**TRY IT:**
Please output exactly the lines from the one that holds "Questa notte sono" through the final line of the data, and nothing else; leave out any pictures.

Top of GIVEN RECORDS

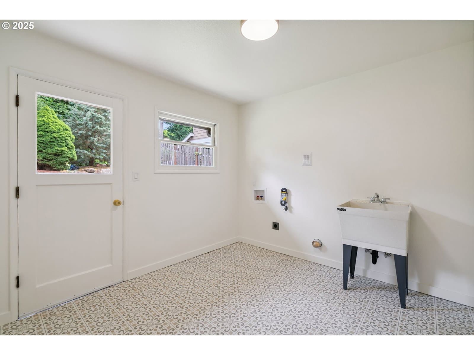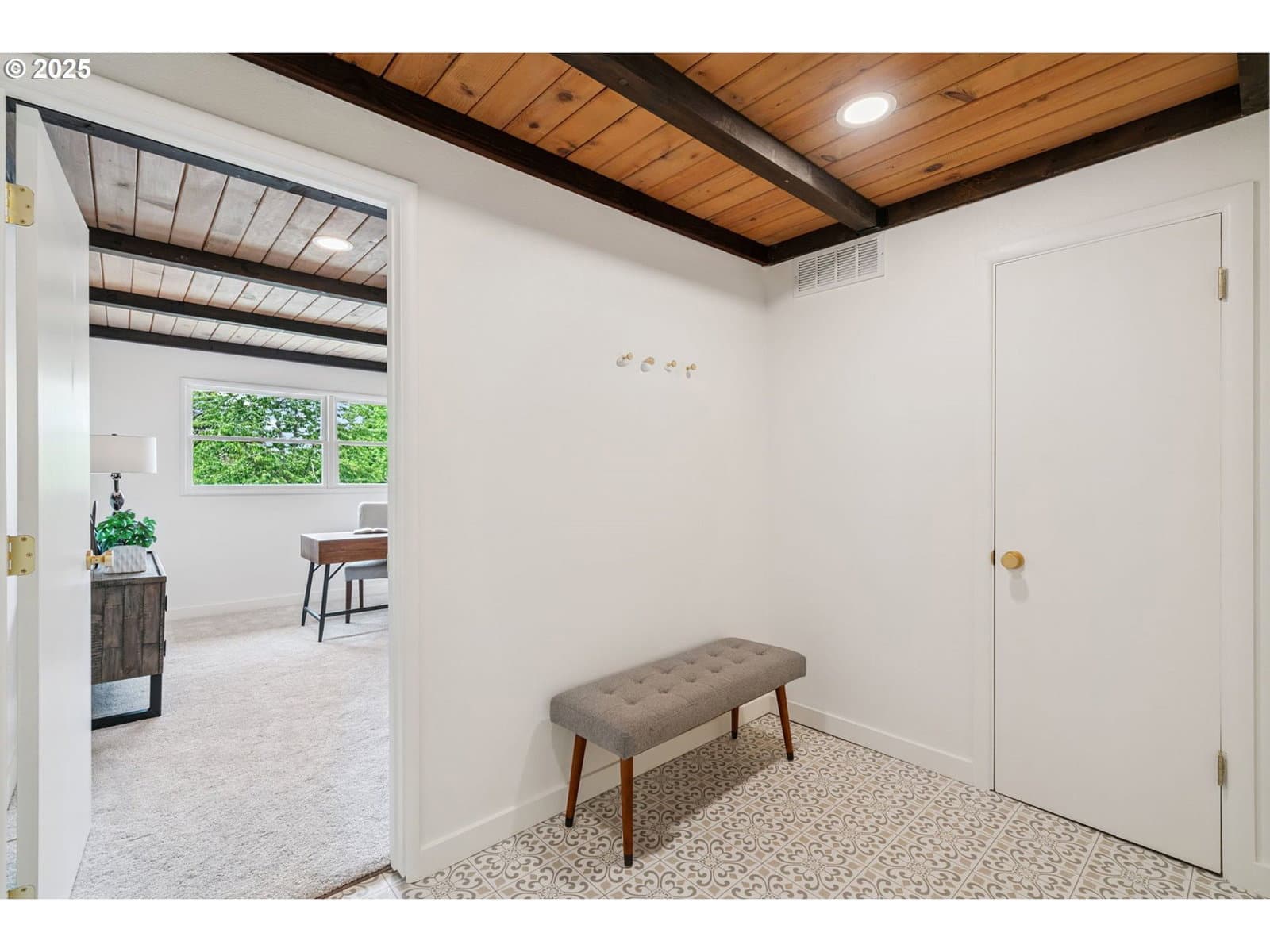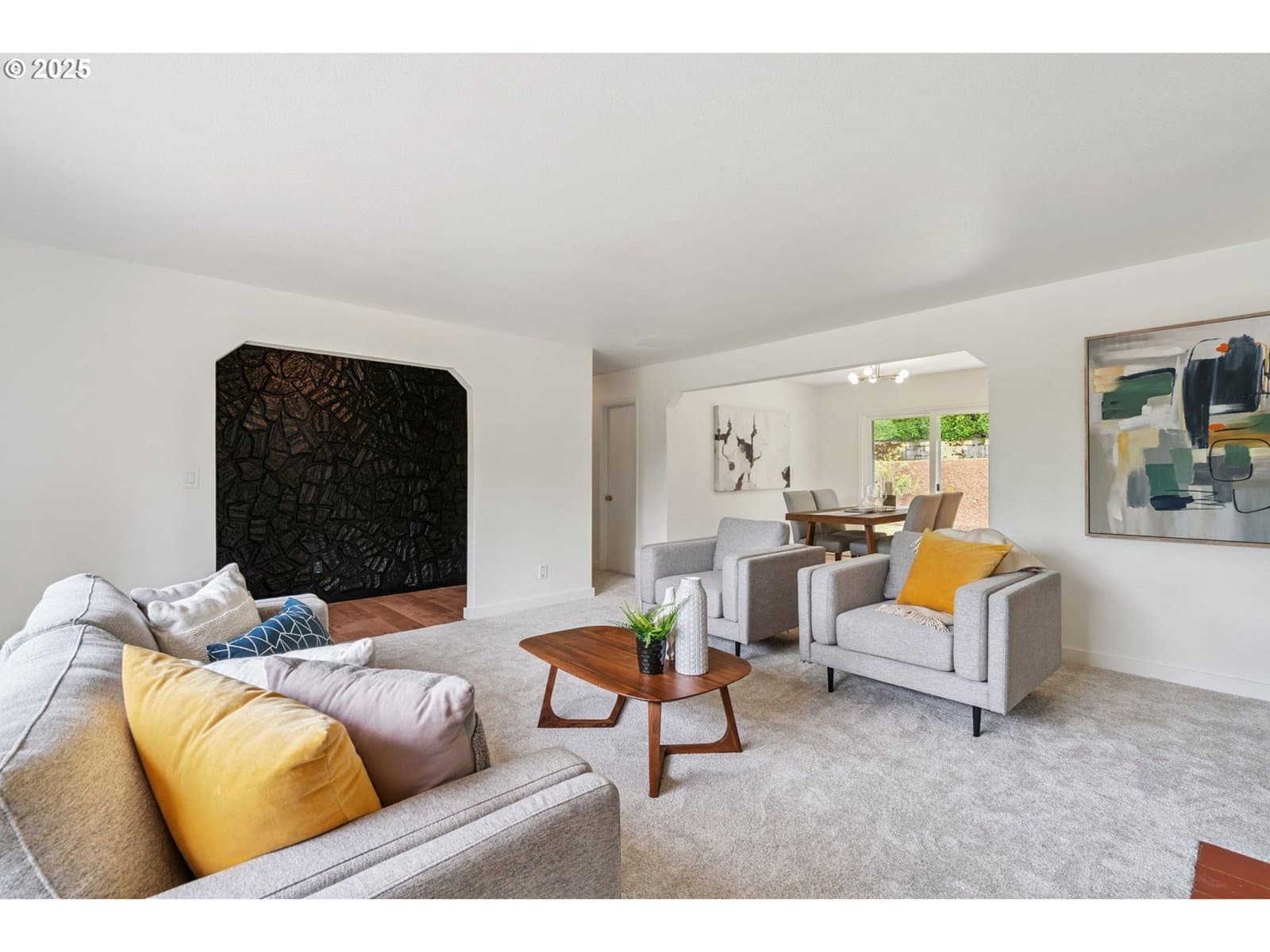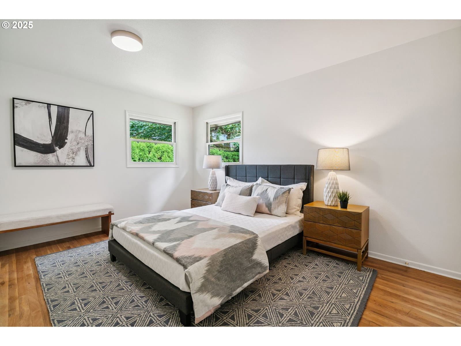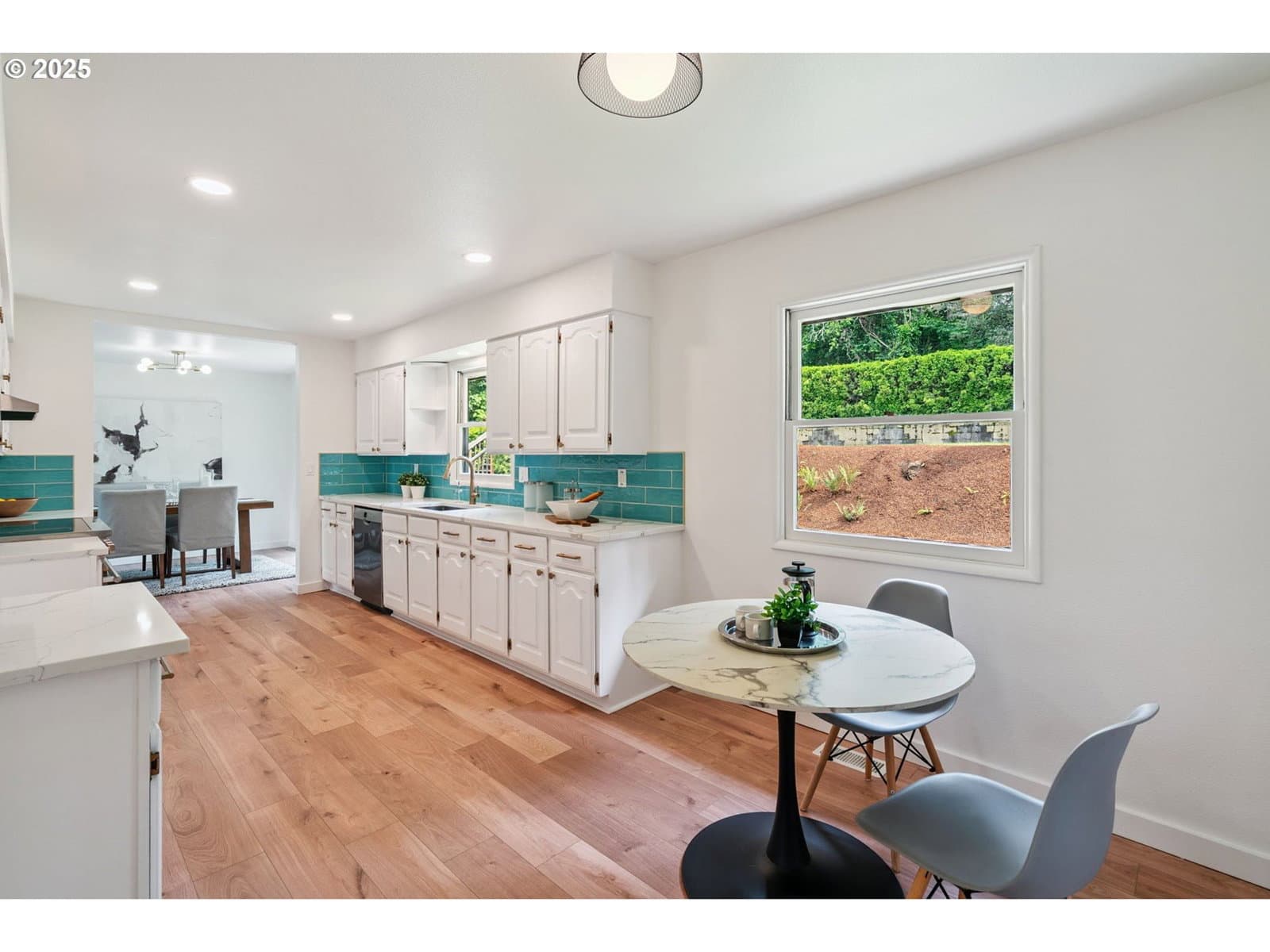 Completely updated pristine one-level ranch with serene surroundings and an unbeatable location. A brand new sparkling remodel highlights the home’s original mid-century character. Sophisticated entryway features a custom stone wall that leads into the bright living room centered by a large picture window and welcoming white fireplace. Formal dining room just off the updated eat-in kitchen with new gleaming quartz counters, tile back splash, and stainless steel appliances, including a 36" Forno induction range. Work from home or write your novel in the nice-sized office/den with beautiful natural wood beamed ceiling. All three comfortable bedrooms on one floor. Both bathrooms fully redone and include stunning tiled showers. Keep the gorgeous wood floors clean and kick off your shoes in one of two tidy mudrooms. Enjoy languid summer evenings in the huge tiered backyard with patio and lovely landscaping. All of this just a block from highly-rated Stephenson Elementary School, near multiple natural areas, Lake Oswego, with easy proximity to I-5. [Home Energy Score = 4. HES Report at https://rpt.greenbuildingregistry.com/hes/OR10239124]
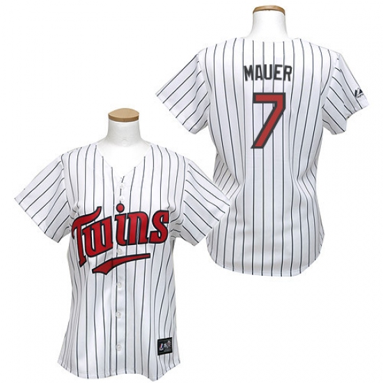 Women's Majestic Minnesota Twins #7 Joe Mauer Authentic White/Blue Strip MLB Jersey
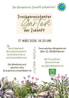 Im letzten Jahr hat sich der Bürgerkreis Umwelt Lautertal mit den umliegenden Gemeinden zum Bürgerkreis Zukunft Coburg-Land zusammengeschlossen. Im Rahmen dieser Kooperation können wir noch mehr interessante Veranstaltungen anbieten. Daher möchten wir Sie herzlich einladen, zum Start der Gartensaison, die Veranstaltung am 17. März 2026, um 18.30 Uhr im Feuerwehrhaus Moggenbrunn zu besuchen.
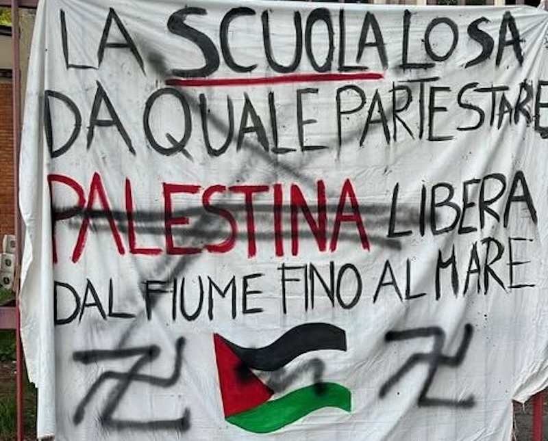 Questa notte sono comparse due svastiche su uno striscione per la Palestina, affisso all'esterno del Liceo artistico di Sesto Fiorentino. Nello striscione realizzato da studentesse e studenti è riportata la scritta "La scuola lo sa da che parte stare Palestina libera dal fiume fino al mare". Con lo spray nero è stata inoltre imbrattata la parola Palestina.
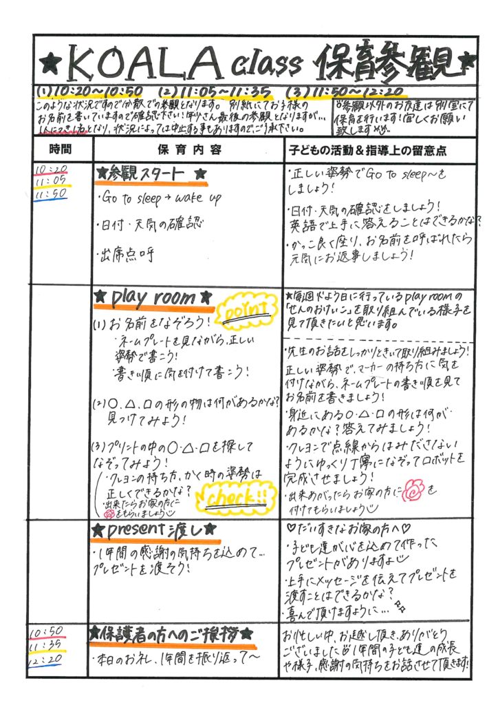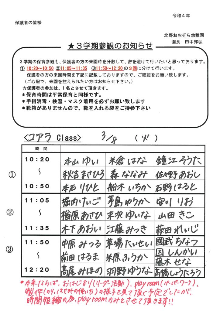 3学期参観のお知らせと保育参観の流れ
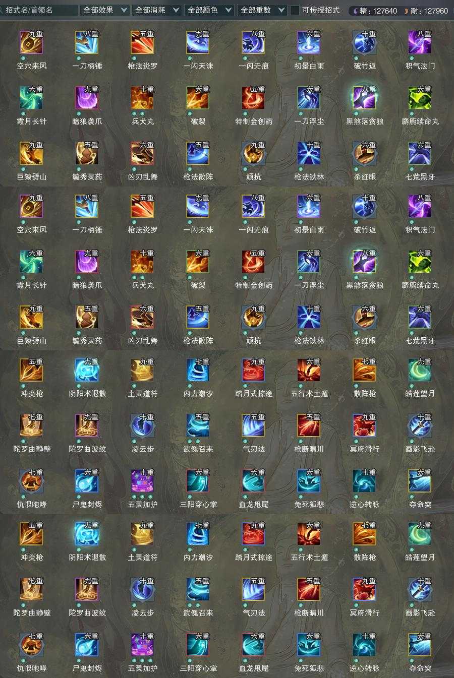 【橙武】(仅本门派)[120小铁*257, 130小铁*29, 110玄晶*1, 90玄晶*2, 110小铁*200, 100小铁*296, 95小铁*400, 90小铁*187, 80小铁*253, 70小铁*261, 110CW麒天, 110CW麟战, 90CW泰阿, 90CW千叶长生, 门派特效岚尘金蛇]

Bottom of GIVEN RECORDS

**OUTPUT BELOW:**
 Questa notte sono comparse due svastiche su uno striscione per la Palestina, affisso all'esterno del Liceo artistico di Sesto Fiorentino. Nello striscione realizzato da studentesse e studenti è riportata la scritta "La scuola lo sa da che parte stare Palestina libera dal fiume fino al mare". Con lo spray nero è stata inoltre imbrattata la parola Palestina.
 3学期参観のお知らせと保育参観の流れ
 【橙武】(仅本门派)[120小铁*257, 130小铁*29, 110玄晶*1, 90玄晶*2, 110小铁*200, 100小铁*296, 95小铁*400, 90小铁*187, 80小铁*253, 70小铁*261, 110CW麒天, 110CW麟战, 90CW泰阿, 90CW千叶长生, 门派特效岚尘金蛇]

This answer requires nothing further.